Cloud Cost Optimization: The Framework

FinOps became a job title around 2021. By 2023 it was a department. By 2026 most of those departments are still reporting the same 3-5% savings they reported the first quarter, because they've been asked to optimize a bill that's fundamentally a design problem. Rightsizing an EC2 instance is not the answer. It's the rounding error.

The biggest cloud cost wins are architectural. They're decided by engineers at design time, not by finance reviewing cost-center dashboards. What follows is the framework I use — and the order matters.

Rightsizing vs. re-architecting

Rightsizing is table stakes. Every cloud provider has a native tool (AWS Compute Optimizer, Azure Advisor, GCP Recommender) that will tell you which instances are oversized. Apply the recommendations, enforce instance-family standards, autoscale aggressively on stateless tiers. You will save 10-20% on compute. This is the first week's work.

Re-architecting is where the real money lives:

A chatty microservice topology crossing AZs at every request — move services that co-call into the same AZ or collapse them.
A batch job running on an m5.24xlarge reserved instance 24/7 to handle a 4-hour overnight workload — move it to Spot or Batch.
A managed database 4x oversized because you picked tier once and never revisited — evaluate Aurora Serverless v2 or equivalent.
Lambda cold starts driving a business decision to provision a warm fleet — which then costs more than the equivalent ECS service would.
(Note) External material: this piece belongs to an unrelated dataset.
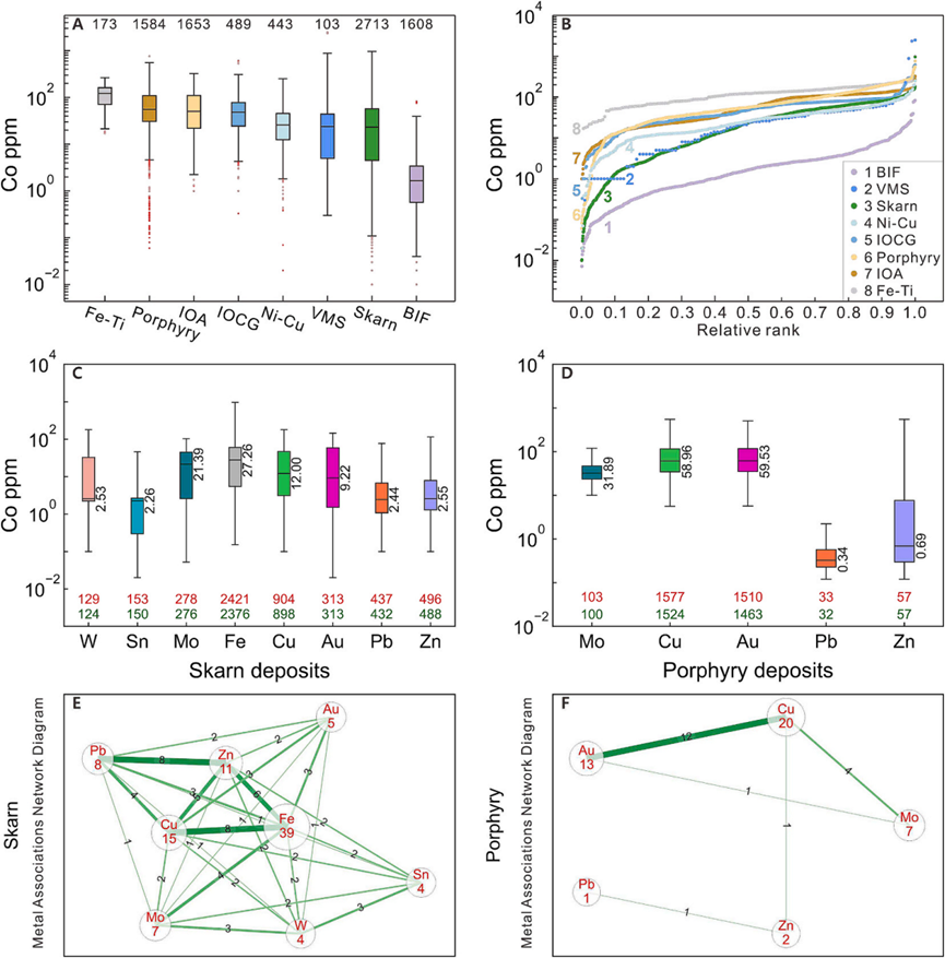 (A – 磁铁矿中钴含量(log10)箱线图;黑色数字表示数据量。B – 磁铁矿钴含量排序图。C、D – 矽卡岩性和斑岩型矿床中磁铁矿钴含量箱线图,红色数字表示原始数据量,绿色数字表示通过箱线图方法移除一次异常值后的数据量。E、F – 矽卡岩型和斑岩型矿床中金属矿化组合的网络图。图E和F中圆圈内标签表示矿床的金属矿化类型和频数,连接线上的数字表示金属组合的频数)

Rightsizing is trimming. Re-architecting is stopping the bleeding.

Commitments: RIs, Savings Plans, Spot

The commitment hierarchy is well-understood but badly executed:

Savings Plans (compute) — 1-year, no upfront, 20-30% off list for flexible workloads. This should cover your steady-state baseline. Almost everyone under-commits here.
Reserved Instances — for databases, ElastiCache, RedShift, where commitments are instance-specific. Higher discounts but less flexibility. Match to workloads that won't change shape for 12+ months.
Spot instances — 60-90% off for interruptible workloads. Should be the default for CI runners, async batch, stateless stateless autoscaled tiers, spark workers. The tooling (Karpenter on EKS, Spot.io) is good enough that "we can't risk interruptions" is rarely a valid excuse.

The thing nobody does: continuously re-evaluate. A Savings Plan from 2024 covering workloads that have since moved to Graviton is burning money.

The data transfer bill

Data transfer is the most under-examined line item in the entire cloud bill. It doesn't show up as one category — it's scattered across "EC2 Data Transfer," "S3 Data Transfer," "CloudFront," "Inter-AZ." Add them up and it's often 10-20% of a mature cloud bill.

An architecture that does not treat cross-AZ and cross-region traffic as expensive will get an expensive surprise on the invoice every month forever.

Specific places to look:

NAT Gateway egress — $0.045/GB processing plus per-hour cost. A chatty service talking to the internet through a NAT gateway can rack up thousands a month. VPC endpoints for AWS services eliminate most of this.
Cross-AZ replication in Kafka, Kubernetes, databases. Topology-aware routing (EKS) and rack-aware Kafka producers help.
Logs shipped to a central aggregation account across regions. Compress and batch.
S3 cross-region replication set up once for DR and never revisited — check if you still need it for every bucket.

Orphans, showback, and the cultural layer

Every cloud account I've audited has 5-15% in pure orphaned resources: unattached EBS volumes, old snapshots, load balancers pointing to nothing, stopped EC2 instances still paying for EBS, NAT gateways in dev VPCs that no one uses. Automated cleanup (AWS Config rules, custom Lambdas, tools like Cloud Custodian) pays for itself in a month.

The cultural layer is where FinOps programs either work or fail:

Showback: every team sees what they spend, weekly, via Slack or email. No chargeback. Just visibility. This alone drives 5-10% behavior change.
Chargeback: when cost shows up in the team's own P&L. More powerful, harder to implement fairly, and requires a tagging discipline most orgs don't have.
Unit economics: cost per customer, per order, per API call. This is what actually matters — absolute cloud cost is vanity, cost per unit of business output is strategy.

When cloud is actually more expensive than on-prem

There's a cost crossover that nobody in cloud marketing will acknowledge. Sustained, predictable, high-throughput compute — the kind that runs 24/7 at 80%+ utilization — is often 2-4x more expensive in the cloud than colocated hardware amortized over 4 years. Storage at petabyte scale, same story. If you're running an HPC workload, a video encoding farm, or a petabyte analytics platform with steady utilization, do the math honestly. Companies that moved it back (37signals, Dropbox earlier) weren't wrong.

The takeaway: If your FinOps program is mostly rightsizing reports and RI purchases, you're harvesting the easy 15% and missing the structural 40%. Design cost in — instance families, regions, transfer topology, commitment strategy — and treat orphans and cross-AZ traffic as bugs. And be honest about the workloads where cloud isn't the right answer in the first place.